Sono, questi, i motivi sostanziali in virtù dei quali l’ex Presidente viene ancora oggi considerato un grande Statista.
Al di là delle tante strade, piazze e istituzioni che ne portano orgogliosamente il nome, in onore del Presidente Alfaro è attualmente intitolato sia il “Collegio Militare Ecuadoriano dell’Esercito” che la stessa nave ammiraglia della Marina Militare dell’Ecuador, la quale non è stata, tuttavia, la prima in ordine temporale, come vedremo a breve.
La prima unità che l’Ecuador volle dedicare ad Eloy Alfaro fu, infatti, la Nave-Scuola “Presidente Alfaro”, acquisita nel 1935 ed utilizzata per l’addestramento dei Guardiamarina, antesignana dell’odierna BAE “Guayas”, un moderno veliero alla stregua della italianissima “Amerigo Vespucci”.
Quella che segue è la sua vicenda.
Ebbene la nave a vapore, che in seguito avrebbe assunto il nome di “Yacht ARA”, era stata commissionata nel 1914 da Madame Virginie Hériot alla “Camper & Nicholsons” in Gran Bretagna, con le seguenti specifiche tecniche: lunghezza 195 piedi, larghezza 31 piedi, stazza lorda 869 tonnellate e stazza netta 406 tonnellate; due motori diesel a 6 cilindri, che sviluppavano complessivamente 2.400 cavalli. Aveva un dislocamento di 1030 tonnellate.

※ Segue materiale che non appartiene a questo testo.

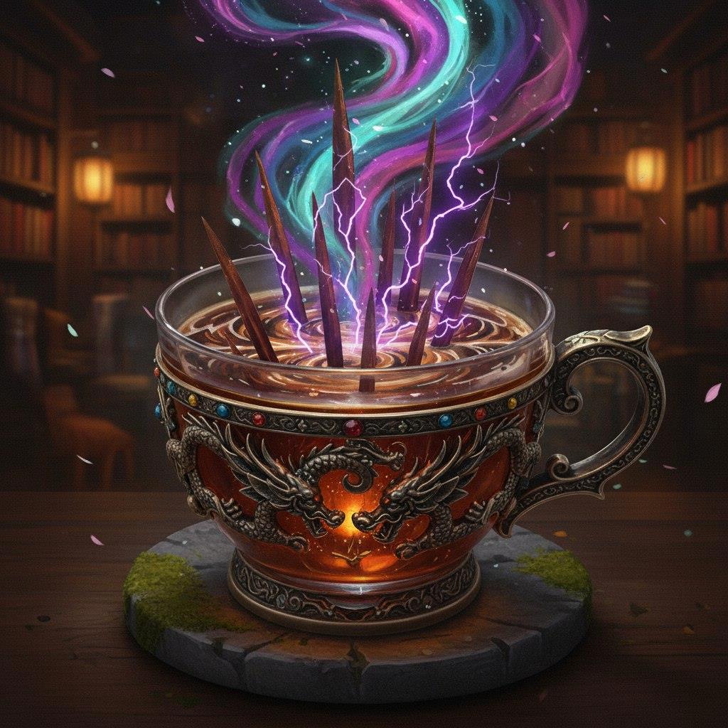 Берём ёжика из "Созданный в Бездне", другие прототипы чая времени, молнии фиолетового спектра… и аура, которая была при угаре под чаем из моей чешуи…

Lo yacht, impostato nel 1914 fu, poi, varato nel 1915 a Southampton, entrando così in servizio di lì a poco.
Sul finire dello stesso 1917, in piena “Grande Guerra”, lo yacht fu requisito e, quindi, incorporato nella Marina da Guerra francese, con base a Brest, servendo da capo Divisione per il pattugliamento costiero della Bretagna.
Dopo la fine della stessa guerra, l’imbarcazione fu disarmata e acquistata, nel 1920, da William Hissam Vanderbilt, un milionario americano, che l’avrebbe fatta ristrutturare in Svezia, ma alimentata con motore diesel, per poi utilizzarla come una sorta di yacht di lusso. In verità, la nave fu utilizzata dal proprietario anche per viaggi scientifici dal 1926 al 1930.
William Hissam Vanderbilt ne rimase proprietario sino al 1° agosto 1935, allorquando fu firmato l’atto con il quale il Governo dell’Ecuador (in quel frangente retto dal Presidente Antonio Pons), l’acquistò per 60 mila dollari, onde assegnarla alla propria Marina da Guerra.
La nave fu, quindi, destinata a sostituire il cacciatorpediniere “Libertador Bolívar”, come unità per il pattugliamento lungo la costa continentale e nell’Arcipelago di Colón.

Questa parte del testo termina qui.